*Exercise brief:* The answer is the line with "Мода 2025 Новые" and every line after it to the end of the listing, retyped exactly. Pictures do not belong in it.
------ Recorded data
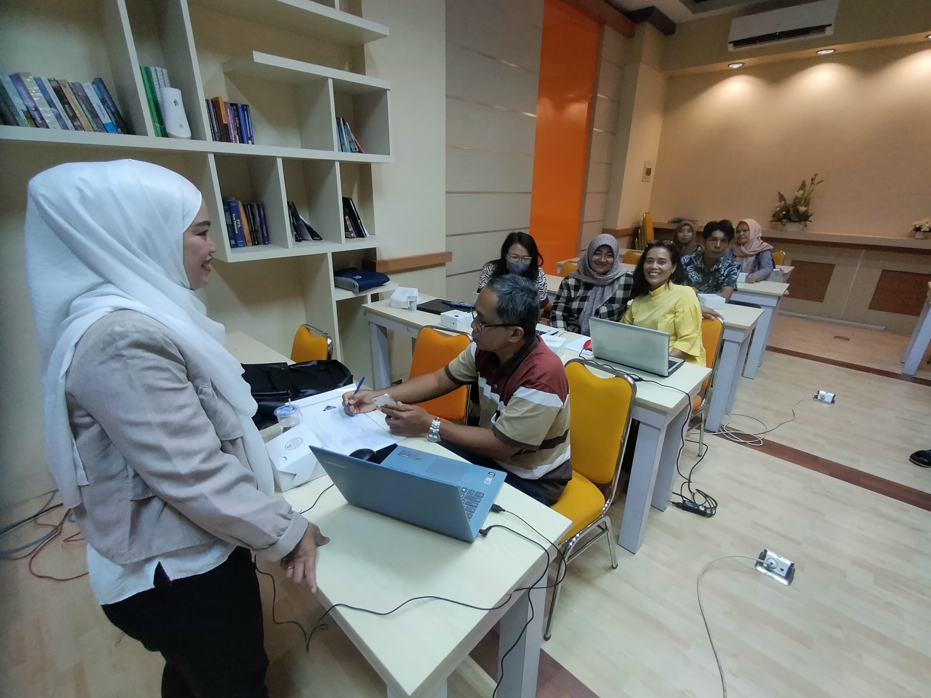 Penyuluh Pajak KPP Pratama Jambi Telanaipura, Didi Perdana Kesuma dan Auliza Oktari, menjadi narasumber pada kegiatan ini. Didi menyampaikan bahwa tujuan kelas pajak ini adalah untuk memudahkan Wajib Pajak dalam mendapatkan layanan perpajakan. "Kegiatan ini adalah bentuk dukungan KPP Pratama Jambi Telanaipura dalam memberikan kemudahan akses bagi Wajib Pajak, khususnya PKP, yang ingin mendapatkan layanan asistensi pembaruan aplikasi e-Faktur tanpa perlu mengantre di loket Helpdesk. Harapannya, melalui kelas pajak ini, PKP dapat melaksanakan administrasi pembuatan e-Faktur dan pelaporan SPT Masa PPN dengan baik tanpa kendala," ujarnya.
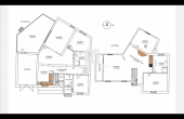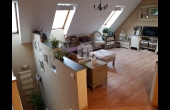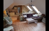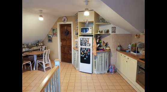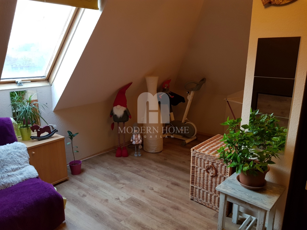 Felső szint: 64 nm, 2 félszoba + gardrób + nappali + konyha + étkező + fürdő + wc.
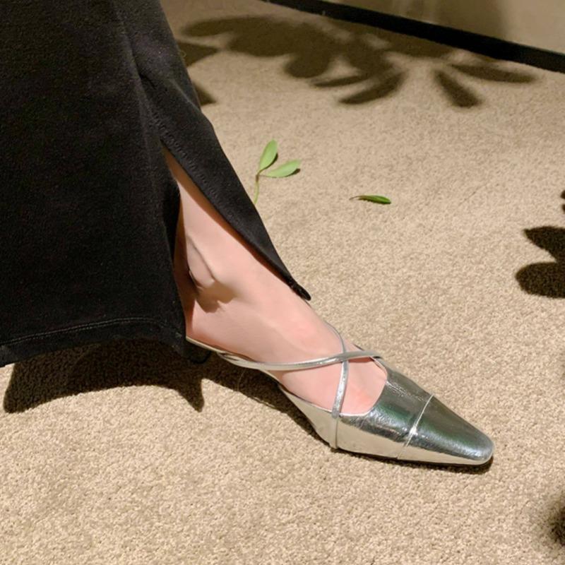 Мода 2025 Новые Роскошные Тапочки Туфли на Высоком Каблуке Сандалии Женская Обувь Острый Носок Летний Тренд Платье Вечеринка Сексуальные Женские Туфли-Лодочки Сандалии 39 серебряный
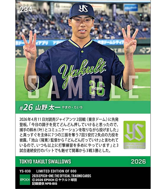 公式【山野太一】開幕3戦3勝&3試合連続安打(26.4.11) のカードを買うならエポックワン!税込・送料無料!
------------
*Your solution:*
 Мода 2025 Новые Роскошные Тапочки Туфли на Высоком Каблуке Сандалии Женская Обувь Острый Носок Летний Тренд Платье Вечеринка Сексуальные Женские Туфли-Лодочки Сандалии 39 серебряный
 公式【山野太一】開幕3戦3勝&3試合連続安打(26.4.11) のカードを買うならエポックワン!税込・送料無料!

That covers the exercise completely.